From the material below, reproduce exactly the stretch of lines that begins with the line holding "糸を引くほどの粘度が特徴の「" and ends with the line holding "El escanciado de", skipping the pictures.

Supplied records ▸
------------------------
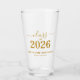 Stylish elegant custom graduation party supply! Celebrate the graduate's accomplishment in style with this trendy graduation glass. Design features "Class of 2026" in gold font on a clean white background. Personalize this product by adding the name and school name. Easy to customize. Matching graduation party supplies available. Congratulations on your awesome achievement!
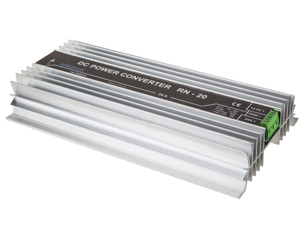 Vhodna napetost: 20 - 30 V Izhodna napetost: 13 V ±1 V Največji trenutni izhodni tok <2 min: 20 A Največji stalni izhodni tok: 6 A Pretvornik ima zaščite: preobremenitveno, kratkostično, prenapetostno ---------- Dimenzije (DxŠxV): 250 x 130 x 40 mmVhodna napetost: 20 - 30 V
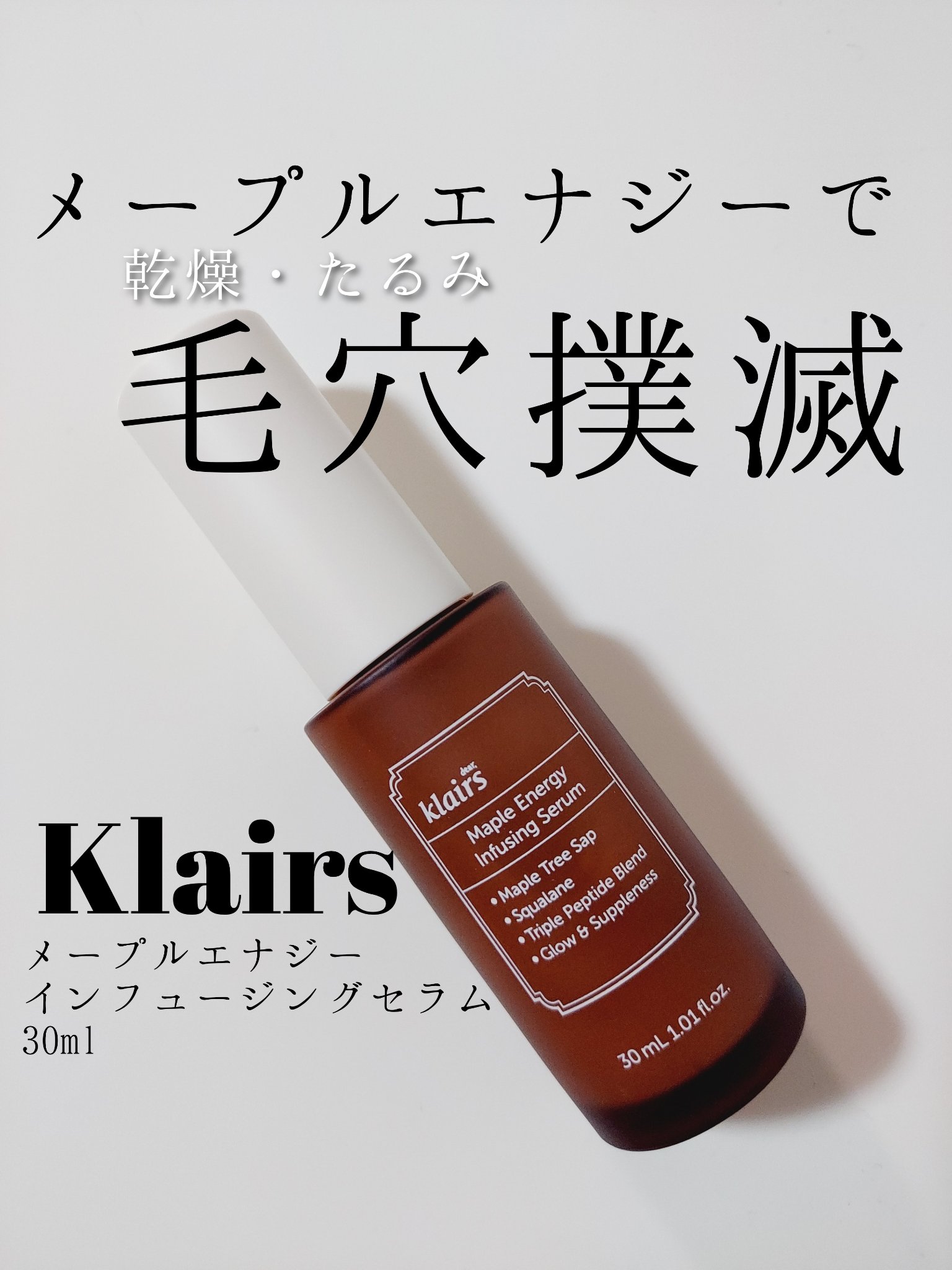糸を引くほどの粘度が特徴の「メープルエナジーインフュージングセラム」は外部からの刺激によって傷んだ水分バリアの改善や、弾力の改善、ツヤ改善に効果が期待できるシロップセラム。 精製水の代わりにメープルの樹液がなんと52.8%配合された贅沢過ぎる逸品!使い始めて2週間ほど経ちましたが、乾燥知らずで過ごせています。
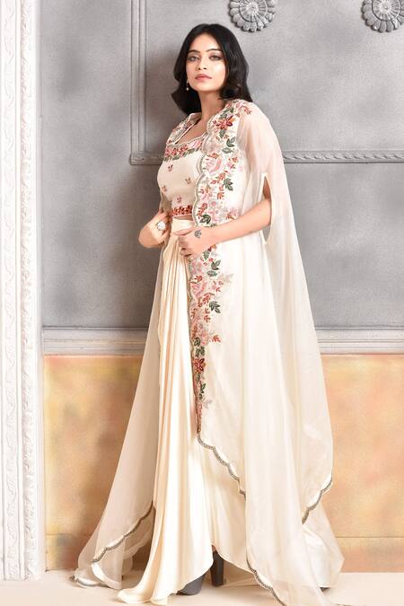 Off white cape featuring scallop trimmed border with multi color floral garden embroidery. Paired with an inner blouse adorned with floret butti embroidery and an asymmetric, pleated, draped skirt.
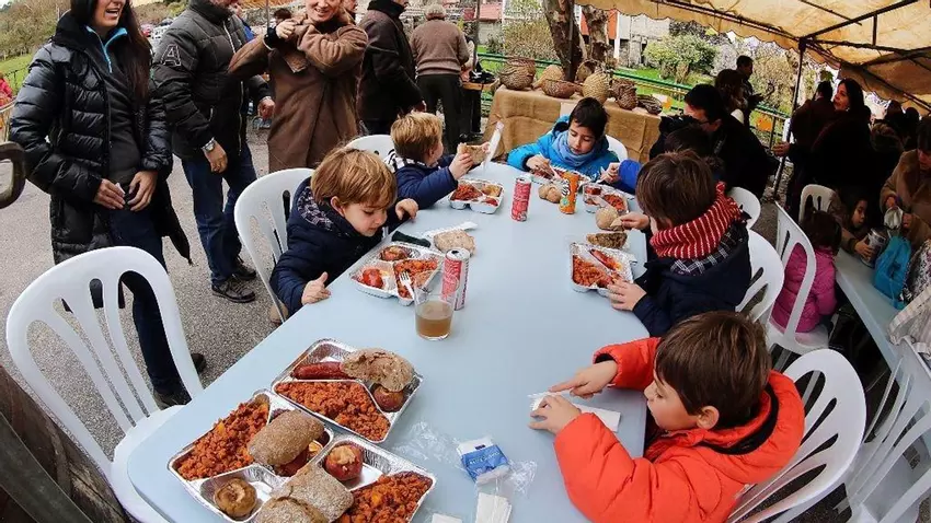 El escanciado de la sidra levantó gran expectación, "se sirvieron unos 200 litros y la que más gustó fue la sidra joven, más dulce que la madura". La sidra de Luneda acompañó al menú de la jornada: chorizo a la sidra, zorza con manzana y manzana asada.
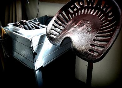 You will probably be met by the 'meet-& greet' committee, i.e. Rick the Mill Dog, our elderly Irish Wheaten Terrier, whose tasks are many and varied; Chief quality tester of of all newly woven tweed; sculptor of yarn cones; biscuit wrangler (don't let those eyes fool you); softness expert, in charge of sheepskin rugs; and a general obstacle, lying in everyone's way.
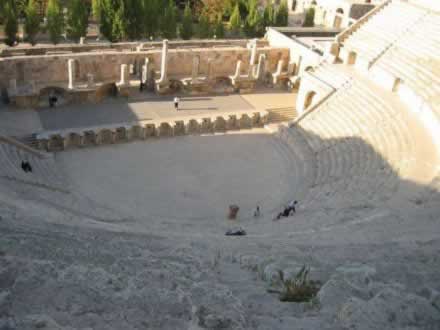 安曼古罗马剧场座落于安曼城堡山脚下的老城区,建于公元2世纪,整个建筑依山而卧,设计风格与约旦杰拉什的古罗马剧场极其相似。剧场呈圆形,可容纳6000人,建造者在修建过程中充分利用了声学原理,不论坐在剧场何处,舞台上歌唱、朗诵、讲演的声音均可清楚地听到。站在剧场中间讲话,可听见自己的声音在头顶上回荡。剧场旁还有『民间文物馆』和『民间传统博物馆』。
------------------------
Expected output ▸
糸を引くほどの粘度が特徴の「メープルエナジーインフュージングセラム」は外部からの刺激によって傷んだ水分バリアの改善や、弾力の改善、ツヤ改善に効果が期待できるシロップセラム。 精製水の代わりにメープルの樹液がなんと52.8%配合された贅沢過ぎる逸品!使い始めて2週間ほど経ちましたが、乾燥知らずで過ごせています。
 Off white cape featuring scallop trimmed border with multi color floral garden embroidery. Paired with an inner blouse adorned with floret butti embroidery and an asymmetric, pleated, draped skirt.
 El escanciado de la sidra levantó gran expectación, "se sirvieron unos 200 litros y la que más gustó fue la sidra joven, más dulce que la madura". La sidra de Luneda acompañó al menú de la jornada: chorizo a la sidra, zorza con manzana y manzana asada.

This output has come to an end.